> [INSTRUCTIONS TO FOLLOW]:
Copy out the entire listing below exactly, but without its pictures.

> [DATA SECTION]:

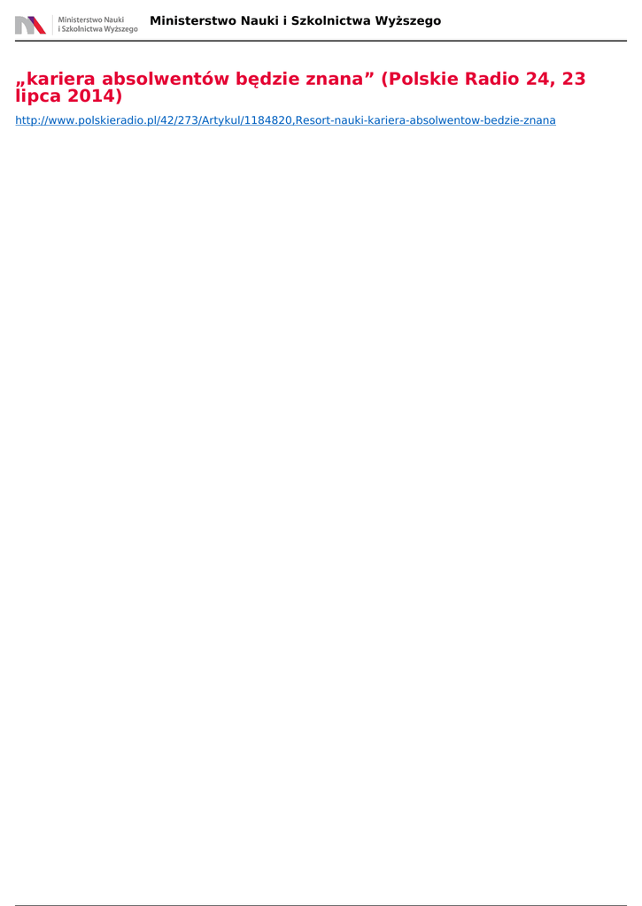 Ministerstwo Nauki i Szkolnictwa Wyższego „kariera absolwentów będzie znana” (Polskie Radio 24, 23 lipca 2014) http://www.polskieradio.pl/42/273/Artykul/1184820,Resort-nauki-kariera-absolwentow-bedzie-znana Powered by TCPDF (www.tcpdf.org)
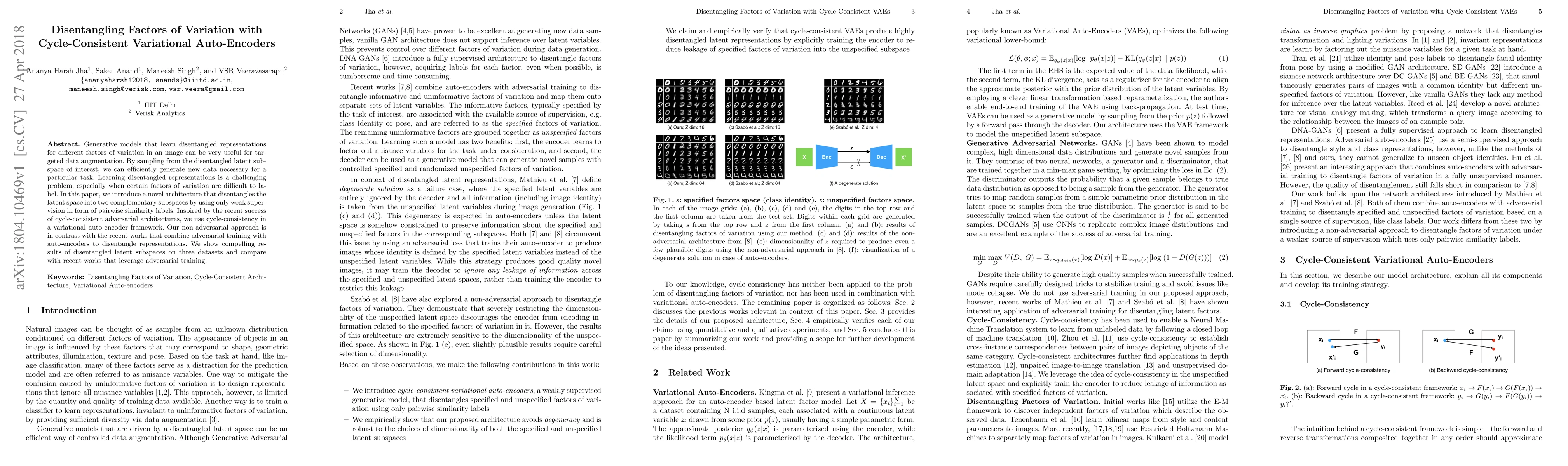 This paper proposes a cycle-consistent variational auto-encoder architecture for disentangling latent representations using only weak supervision in the form of pairwise similarity labels. Unlike adversarial methods, it achieves disentanglement without adversarial training, demonstrating effective results on three datasets.
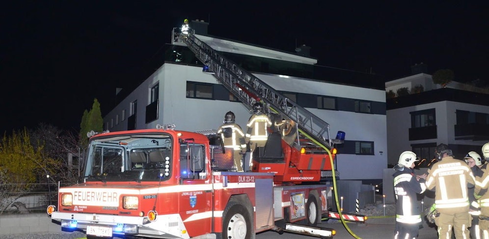 Die Florianis mussten mit der Drehleiter auf die Terrasse einsteigen. Durch die rasche Löschung konnte ein Übergreifen der Flammen auf die Fassade des Hauses verhindert werden.
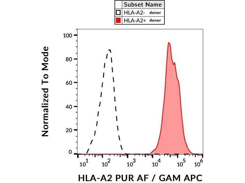 Der Maus Monoklonal anti-HLA-A2 Antikörper (Klon BB7-2) (ABIN301995) detektiert spezifisch HLA-A2 in FACS und IP.

> [ANSWER SPACE]:
 Ministerstwo Nauki i Szkolnictwa Wyższego „kariera absolwentów będzie znana” (Polskie Radio 24, 23 lipca 2014) http://www.polskieradio.pl/42/273/Artykul/1184820,Resort-nauki-kariera-absolwentow-bedzie-znana Powered by TCPDF (www.tcpdf.org)
 This paper proposes a cycle-consistent variational auto-encoder architecture for disentangling latent representations using only weak supervision in the form of pairwise similarity labels. Unlike adversarial methods, it achieves disentanglement without adversarial training, demonstrating effective results on three datasets.
 Die Florianis mussten mit der Drehleiter auf die Terrasse einsteigen. Durch die rasche Löschung konnte ein Übergreifen der Flammen auf die Fassade des Hauses verhindert werden.
 Der Maus Monoklonal anti-HLA-A2 Antikörper (Klon BB7-2) (ABIN301995) detektiert spezifisch HLA-A2 in FACS und IP.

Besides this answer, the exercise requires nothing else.